Lac Saint-Charles: le projet immobilier mis sur pause

Un projet de 85 maisons et la destruction d’un boisé ont pour l'instant été autorisés par la Ville de Québec près du Lac Saint-Charles.
Photo: Renaud Philippe Archives Le Devoir Un projet de 85 maisons et la destruction d’un boisé ont pour l'instant été autorisés par la Ville de Québec près du Lac Saint-Charles.

Incapable d’établir si, oui ou non, le projet immobilier qu’elle a autorisé se trouve dans le bassin versant ou pas, la Ville de Québec a décidé d’annuler l’assemblée publique à ce sujet prévue pour le 4 octobre.

L’assemblée visait à présenter le projet à la population et lui permettre de s’exprimer. Or, mercredi, une porte-parole de la Ville a confirmé que la rencontre avait été annulée parce que la ville n’a pas encore résolu le conflit de cartes dont Le Devoir faisait état samedi.

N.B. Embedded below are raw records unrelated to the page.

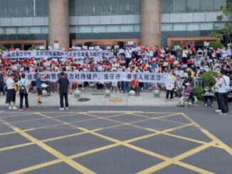 Đám đông hơn 1.000 người tập trung trước chi nhánh Trịnh Châu của Ngân hàng Nhân dân Trung Quốc nhằm đòi lại số tiền gửi đang bị đóng băng.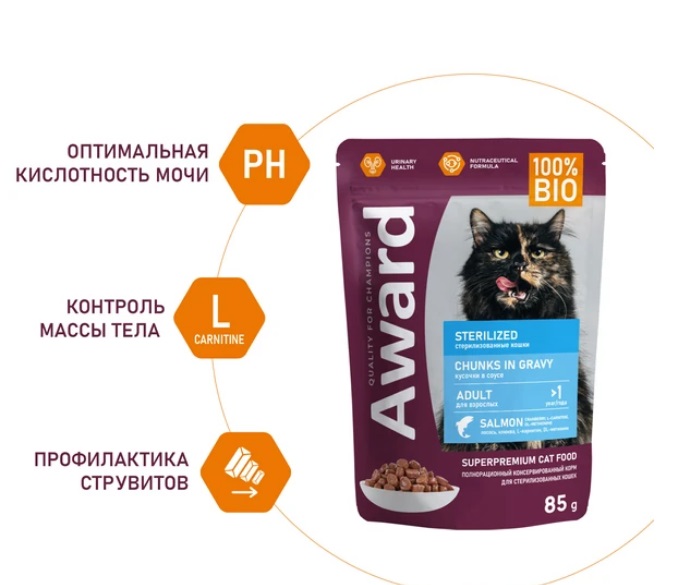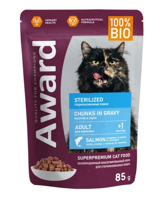 AWARD Sterilized пауч для стерилизованных кошек кусочки в соусе с лососем 85г.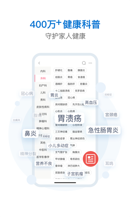 用户通过搜索疾病或症状相关的词找到对应的科普内容、医院和医生。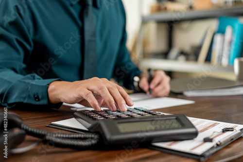 Business hand pressing on calculator for calculating cost estimating.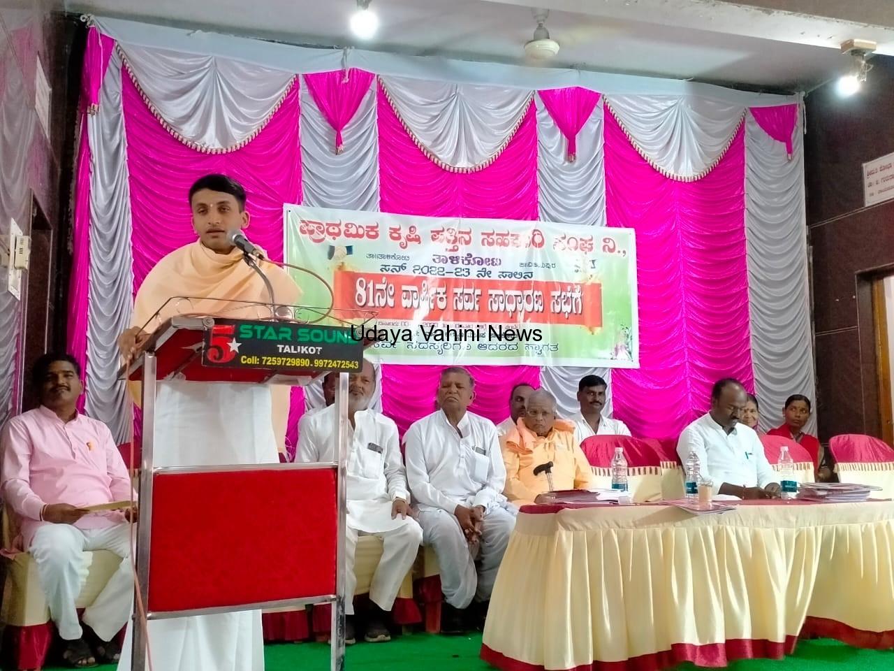 ಉದಯವಾಹಿನಿ ತಾಳಿಕೋಟಿ : ಮನುಷ್ಯ ತನ್ನ ಜೀವನ ಅವಶ್ಯಕತೆಗಳಿಗಾಗಿ ಅನಿವಾರ್ಯ ಸಂದರ್ಭದಲ್ಲಿ ಸಾಲ ತೆಗೆದುಕೊಳ್ಳಲೇ ಬೇಕಾಗುತ್ತದೆ ದುಡ್ಡು ಜೀವನದ ಅತ್ಯಗತ್ಯವಾಗಿದೆ ಅದು ಇಲ್ಲದಿದ್ದರೆ ಏನು ಮಾಡಲು ಸಾಧ್ಯವಿಲ್ಲ ಆದರೆ ನಾವು ಮಾಡಿದ ಸಾಲ ನಮ್ಮ ಬದುಕನ್ನೇ ನುಂಗುವ ಹಾಗೆ ಇರಬಾರದು ಸಾಲ ಮರಳಿಸುವ ಉದ್ದೇಶವಿಟ್ಟು ಸಾಲ ಮಾಡುವುದನ್ನು ಕಲಿಯಿರಿ ಎಂದು ಶ್ರೀ ಖಾಸ್ಗತೇಶ್ವರ ಮಠದ ಪರಮಪೂಜ್ಯ ಶ್ರೀ ಸಿದ್ದಲಿಂಗ ಮಹಾಸ್ವಾಮಿಗಳು ಹೇಳಿದರು. ರವಿವಾರ ಪಟ್ಟಣದ ಶ್ರೀ ವಾಸವಿ ಕಲ್ಯಾಣ ಮಂಟಪದಲ್ಲಿ ಪ್ರಾಥಮಿಕ ಕೃಷಿ ಪತ್ತಿನ ಸಹಕಾರಿ ಸಂಘ ನಿಯಮಿತ ಇದರ 81ನೇ ವಾರ್ಷಿಕ ಸರ್ವ ಸಾಧಾರಣ ಸಭೆಯ ಸಾನಿಧ್ಯ ವಹಿಸಿ ಅವರು ಮಾತನಾಡಿದರು. ಮನುಷ್ಯನ ಬದುಕು ಶಾಶ್ವತವಲ್ಲ ನಾವು ಸಂಪಾದಿಸಿದ ಸಂಪತ್ತು ನಮಗೆ ಸಿಕ್ಕ ಈ ಅಧಿಕಾರ ಎಲ್ಲವನ್ನು ಒಂದು ದಿನ ಬಿಟ್ಟು ಹೋಗಬೇಕಾಗಿದೆ ಈ ಪರಮ ಸತ್ಯವನ್ನು ನಾವೆಂದು ಮರೆಯಬಾರದು ಮಾನವೀಯತೆ ಹಾಗೂ ಪರಸ್ಪರ ಸಹಕಾರ ದೊಂದಿಗೆ ಬದುಕಲು ಪ್ರಯತ್ನಿಸಿ ಎಂದರು. ಸಹಕಾರ ಸಂಘಗಳ ಉಪನಿಬಂಧಕಿ ಎಸ್ ಕೆ ಭಾಗ್ಯಶ್ರೀ ಅವರು ಮಾತನಾಡಿ ಸಹಕಾರ ಸಂಘಗಳ ಅಭಿವೃದ್ಧಿಗೆ ಸದಸ್ಯರ ಸಹಕಾರ ಅಗತ್ಯವಾಗಿದೆ ರೈತಾಪಿ ಜನರ ಅನುಕೂಲಕ್ಕಾಗಿ ಪತ್ತಿನ ಸಹಕಾರಿ ಸಂಘಗಳನ್ನು ಅಸ್ತಿತ್ವಕ್ಕೆ ತರಲಾಗಿದೆ ಈ ಸಂಘವು ಸುಮಾರು 45 ಲಕ್ಷ ರೂಪಾಯಿ ಲಾಭವನ್ನು ಮಾಡಿರುವುದು ಅತ್ಯುತ್ತಮವಾದ ಸಾಧನೆಯಾಗಿದೆ ಕೇಂದ್ರ ಹಾಗೂ ರಾಜ್ಯ ಸರ್ಕಾರ ಜಾರಿಗೆ ತಂದಿರುವ ಹಲವಾರು ಯೋಜನೆಗಳನ್ನು ಸದುಪಯೋಗವನ್ನು ಮಾಡಿಕೊಳ್ಳಲು ಪ್ರಯತ್ನಿಸಬೇಕು ಎಂದರು. ಪ್ರವೀಣ್ ಪಾಟೀಲ್ ವಾರ್ಷಿಕ ವರದಿ ವಾಚಿಸಿದರು. ಸಂಘದ ಅಧ್ಯಕ್ಷ ಬಸವರಾಜ್ ಎಂ ಕುಂಬಾರ ಕಾರ್ಯಕ್ರಮದ ಅಧ್ಯಕ್ಷತೆಯನ್ನು ವಹಿಸಿದ್ದರು. ಕೈಲಾಸಪೇಟೆ ಬಸವ ಪ್ರಭು ದೇವರು ಸಮ್ಮುಖವನ್ನು ವಹಿಸಿದ್ದರು. ಇದೇ ಸಂದರ್ಭದಲ್ಲಿ ಈ ಬಾರಿ ಎಸ್ ಎಸ್ ಎಲ್ ಸಿ ಹಾಗೂ ಪಿಯುಸಿಯಲ್ಲಿ ಅತಿ ಹೆಚ್ಚು ಅಂಕ ಗಳಿಸಿದ ಸಂಘದ ಸದಸ್ಯರ ಮಕ್ಕಳಿಗೆ ಪ್ರೋತ್ಸಾಹ ಧನ ನೀಡಿ ಗೌರವಿಸಲಾಯಿತು. ವೇದಿಕೆಯಲ್ಲಿ ತಾಲೂಕ ಸಹಕಾರ ಅಭಿವೃದ್ಧಿ ಅಧಿಕಾರಿ ವಿಜಯಕುಮಾರ್ ಉತ್ತನಾಳ ನಿವೃತ್ತ ಪ್ರಬಂಧಕ ಎಸ್ ಜಿ ಕುಂಬಾರ. ಚೇತನ್ ಬಾವಿಕಟ್ಟಿ ಸಂಘದ ಮಾಜಿ ಅಧ್ಯಕ್ಷ ಎಸ್.ಬಿ. ಇಲ್ಕಲ್ ಉಪಾಧ್ಯಕ್ಷ ಡಿ ಎಸ್ ಗೋಟಗುಣಕಿ. ಆಡಳಿತ ಮಂಡಳಿಯ ಸದಸ್ಯರಾದ ಎಸ್ ಬಿ ಇಲಕಲ್ಲ. ಸಿ ಎಸ್ ದೇಸಾಯಿ. ಡಿ ವಿ ಪಾಟೀಲ್. ಜಿ.ವಿ. ಮೂಲಿಮನಿ ಪರುಶುರಾಮ್ ತಂಗಡಗಿ ಎಸ್ ಆರ್ ಕಟ್ಟಿಮನಿ.ವಾಯ್.ಡಿ.ಬರದೇನಾಳ. ಜೆ ಎಸ್ ಬೊಮ್ಮಗೊಡ. ಎನ್ ಎಂ ಗೊರಗುಂಡಗಿ ಮುಖ್ಯ ಕಾರ್ಯನಿರ್ವಾಹಕ ಶಂಕರ್ ಗೌಡ ಪಾಟೀಲ್ ಹಾಗೂ ಸಿಬ್ಬಂದಿಗಳು ಇದ್ದರು

Rappelons qu’un projet de 85 maisons et la destruction d’un boisé ont été autorisés par la Ville de Québec, même s’ils se trouvent dans le bassin versant du Lac Saint-Charles déterminé par les cartes du ministère du Développement durable. Les règles en vigueur dans le secteur auraient normalement dû contraindre, voire empêcher sa réalisation.

Or, la Ville de Québec avance que sur ses cartes le projet est à l’extérieur du bassin versant, ce qui expliquerait pourquoi le promoteur a obtenu les permis nécessaires. Mercredi, les fonctionnaires de la ville tentaient toujours d’établir qui s’était trompé.
 

 

Vérifications en cours  


Dans l’éventualité où la Ville reconnaîtrait son tort, il lui faudrait changer sa règlementation, ce qui empêcherait le projet de se réaliser au moins sous sa forme actuelle.

« Il n’était pas dans le bassin versant sur nos cartes », avait expliqué mardi le responsable du dossier de l’environnement à l’exécutif, Steeve Verret, en réponse à nos questions. « Pour connaître le secteur, ça me surprendrait qu’on ait fait une erreur à la Ville de Québec. Je pense que la carte est bonne », a-t-il dit.

Le directeur du Service de l’environnement, Martin Villeneuve a ajouté que « des professionnels du Service de l’Environnement et de la Communauté métropolitaine de Québec » était « actuellement en communication pour essayer d’évaluer ce qui s’est passé, parce que c’est une des premières fois qu’une erreur comme ça se glisse ».

Le conseiller Verret a enfin assuré que la Ville n’hésiterait pas à faire des changement si on confirmait que le projet était situé dans le bassin versant. « Si la zone doit faire partie du bassin versant, elle va faire partie du bassin versant, ne vous inquiétez pas. […] Le projet serait assujetti aux mêmes contraintes que les autres sans problème. »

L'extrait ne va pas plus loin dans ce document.